The economic climate may make people more likely to instigate claims, but the reasons for these claims will be familiar. They include being too helpful and stepping outside the brief, failing to communicate, biting off more than they can chew, or simply making mistakes in design, most frequently through circumventing established quality control procedures.
Although the idea is anathema for many professionals, the most basic cause of claims against them is a defect in the services they have provided. Most professionals have procedures in place robust enough to catch the majority of errors; it is when these procedures are not properly followed that problems arise. As Antony Smith of Beale & Company Solicitors says: “Engineers are … forever taking on far greater obligations than their contract requires. When the ‘grateful’ client turns nasty they do not remember the enormous effort put in by the engineer – they just expect compensation.”
Situations in which procedures may - inadvertently - be skipped include offering “free” advice, adopting or checking an alternative design, or when a consultant is working under the tight programme pressures of a design and build contract.
In all of these situations, engineers may wish – or feel obligated – to help a client or contractor by giving the nod to a design, or a change in design, that hasn’t been properly thought through.
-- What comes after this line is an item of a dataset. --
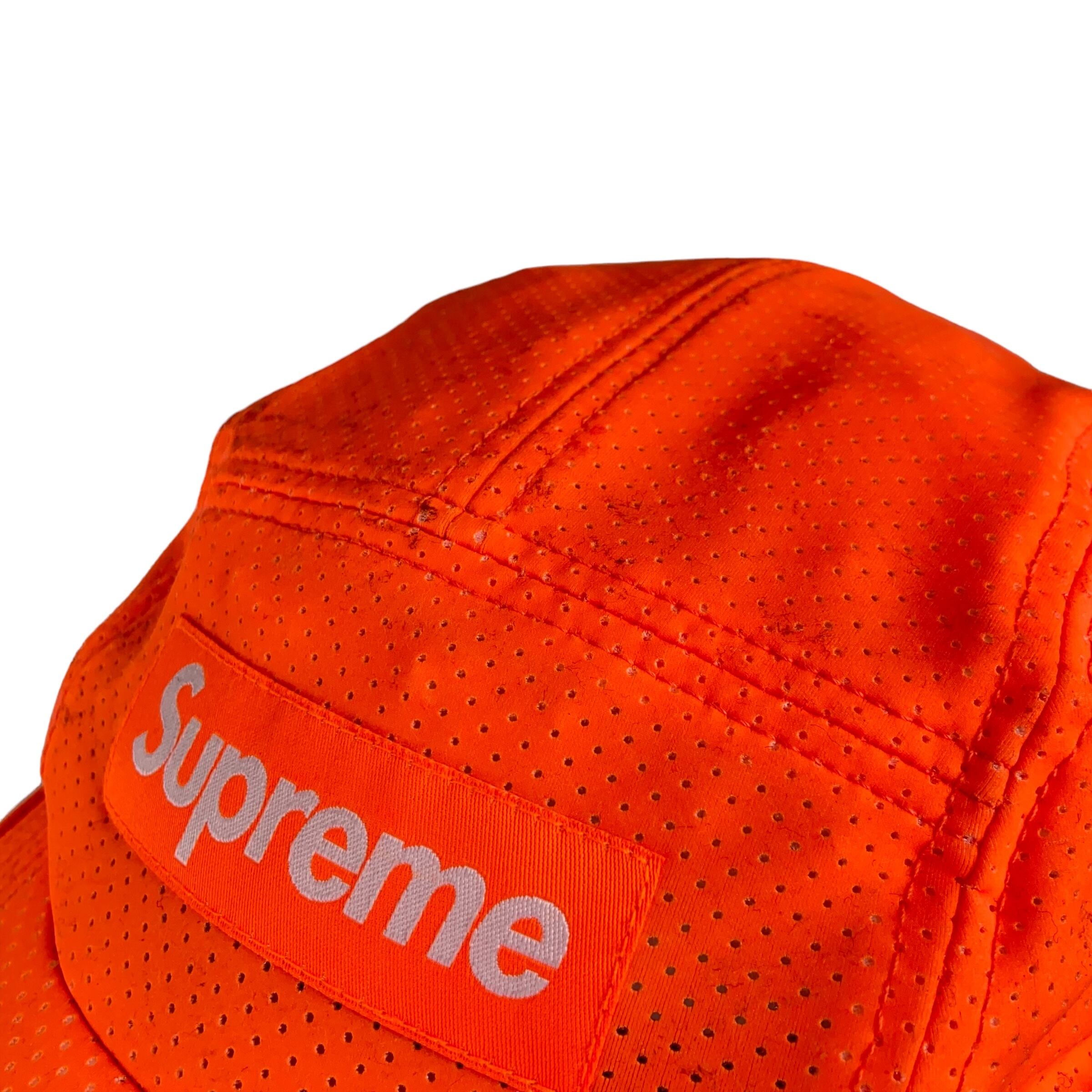 パンチングを施したポリエステルのキャンプキャップになります。しなやかで伸縮性の高いリフレクター素材を使用しています。サイズはアジャスターで調整可能。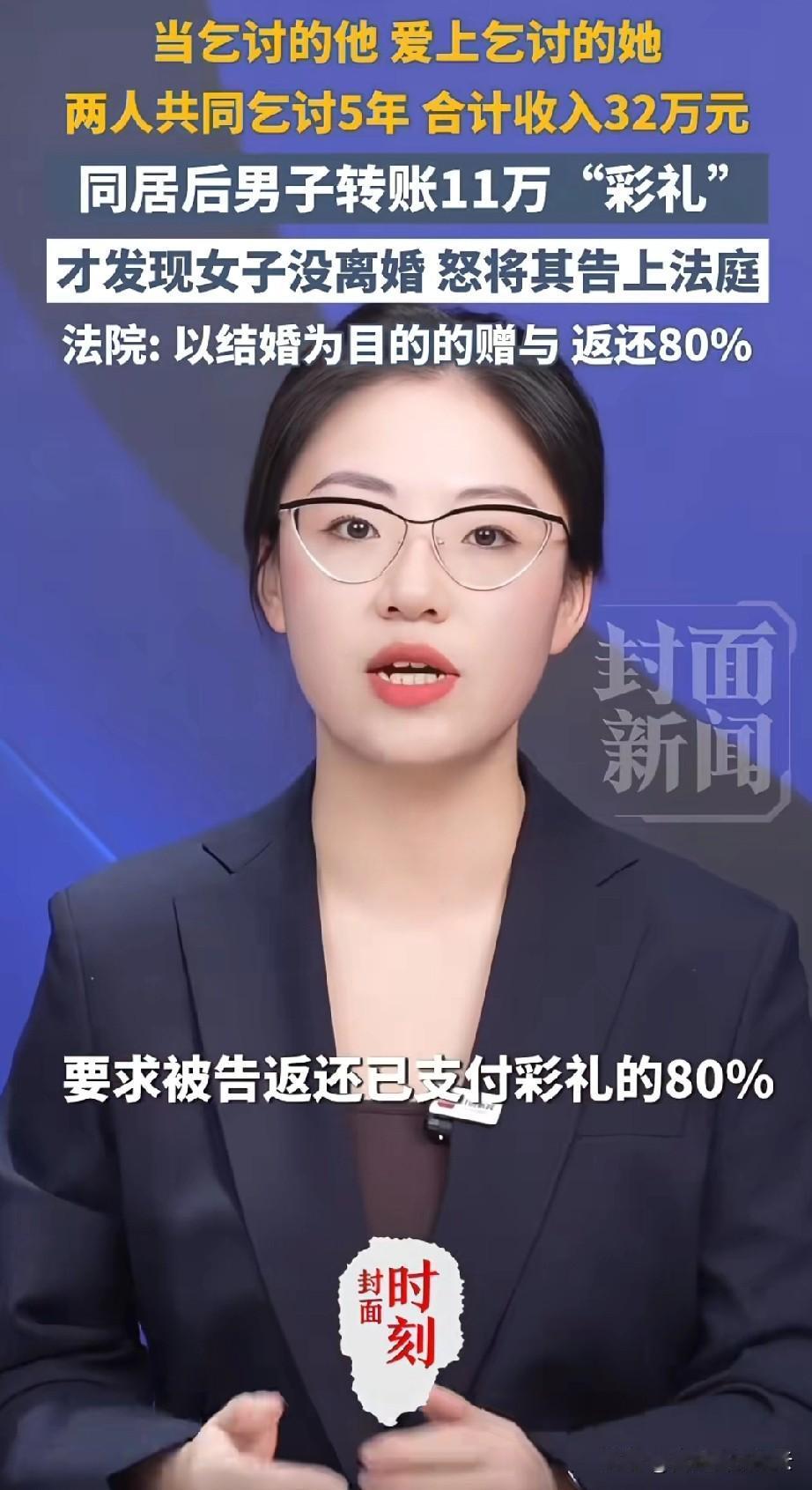 太炸裂了!一男一女在乞讨的过程中认识,然后恋爱同居在一起。男方觉得时机成熟后,陆续转给女子11万当作彩礼,准备迎娶女子。 结果还没结婚男子就发现女友骗了自他,女友早就结过婚,有家庭了。男子气愤之余,想要回他给的11万彩礼。女子不同意,男子把女子告上法庭,要求女子返还全部彩礼。 法院判女子返还彩礼的80%,女子不接受判决结果,重新上诉。她认为她和男子共同乞讨5年,一共乞讨所得有32万,这11万是她应得的。 法院认为根据男方提供的证据,男方转钱的目的就是为了和女方结婚。所以判决女方败诉,维持原判。 有网友说,我奇怪的是什么样的乞讨5年能赚32万?这只能说,世界之大,无奇不有啊。 对于这件事,你怎么看呢?

As solicitor Paul Taylor says: “Most engineers are (or see themselves as) problem solvers. The trouble is, these are always other people’s problems and in their desire to help others, engineers create problems for themselves.”
The same “helpful” motivation may account for engineers straying outside their brief - an easy, and often dangerous, mistake to make. Consultants often offer advice on problems that do not relate directly to their area of consultancy, and find themselves drawn into claims they could have avoided.
As Michael Salau, partner at Berrymans Lace Mawer solicitors, says: “Where one consultant’s design ends and another commences remains a fertile source of construction claims.” Whatever the reason for a claim, most involve a failure in communication at some level, either internally or externally. The task of professionals is not solely to produce sound advice based on their technical knowledge and experience, but also to communicate it effectively. Good communication makes the difference between producing a solution and providing a service.
But what should you do if you become aware that others in the team are not communicating as effectively as they might? While it is true that consultants create problems by exceeding their brief, in practice there are circumstances in which doing so is the best way to protect against spurious allegations.
It should be possible to communicate the relevant message in such a way as to achieve this without materially affecting the consultant’s exposure to liability. A carefully worded letter might flag a potential issue to the client and merely suggest, with appropriate disclaimers and qualifications, that the client take further advice.
Jamie Monck-Mason, partner at solicitor Hill Dickinson, says: “Frequently construction professionals run into problems because they are too nice and are therefore reluctant to justifiably criticise other consultants or contractors.
“Sadly, that tends to prejudice them when a dispute arises as to who was responsible, for example, for inadequate or late provision of information.”
This tendency for consultants to be “too nice” or “too helpful” is to be admired, but it can have consequences – especially in a claims-conscious environment – if that tendency leads to ignoring established procedures for giving advice.